StreetShares, marketplace lending platform that connects small business owners with investors, has filed a Regulation A+, Tier 2 offer to raise up to $50 million in debt securities. The filing was posted on December 4th. In using Regulation A+, StreetShares will be allowed to solicit non-accredited investors to participate in lending to SMEs, something a bit unique.
The filing was posted by Brian Korn, a well-known attorney that represents many crowdfunding platforms in the US. Korn earlier this year pitched the concept of using the relatively new Regulation A+ rules as vehicle to raise debt capital as opposed to equity.
Speaking to Crowdfund Insider this past August, Korn foreshadowed the StreetShares offer;
“Reg A is the only way currently to access non-accredited investors, which the SEC estimates comprise 92% of US households. This is a group that has vast wealth and a desire to invest for retirement in alternative assets. A platform that unlocks this group will stand alongside Lending Club and Prosper as the only retail investment options in crowdfunding and marketplace lending.”
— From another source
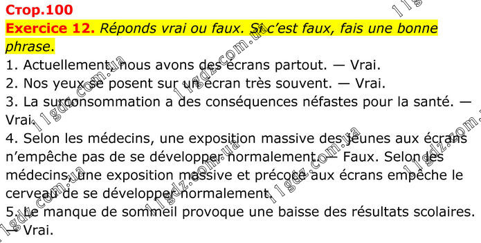 Exercice 12. Réponds vrai ou faux. Si c’est faux, fais une bonne phrase. 1. Actuellement, nous avons des écrans partout. — Vrai. 2. Nos yeux se posent sur un écran très souvent. — Vrai. 3. La surconsommation a des conséquences néfastes pour la santé. — Vrai. 4. Selon les médecins, une exposition massive des jeunes aux écrans n’empêche pas de se développer normalement. — Faux. Selon les médecins, une exposition massive et précoce aux écrans empêche le cerveau de se développer normalement. 5. Le manque de sommeil provoque une baisse des résultats scolaires. — Vrai.

StreetShares was co-founded by Mark Rockefeller and Mickey Konson, both military veterans. They have made supporting veterans part of the foundation of their direct lending platform.
The StreetShares site explains that today small business owners face a very different environment. Strict lending regulations, big bank consolidation, and dwindling community banks leave small businesses with very few options. Streetshares wants to fill the void left by banks by providing access to capital that is less costly for borrowers while benefiting smaller investors. Many direct lending platforms only allow accredited investors to benefit from the higher risk adjusted returns. Now the smaller investor will share a similar opportunity on Streetshares.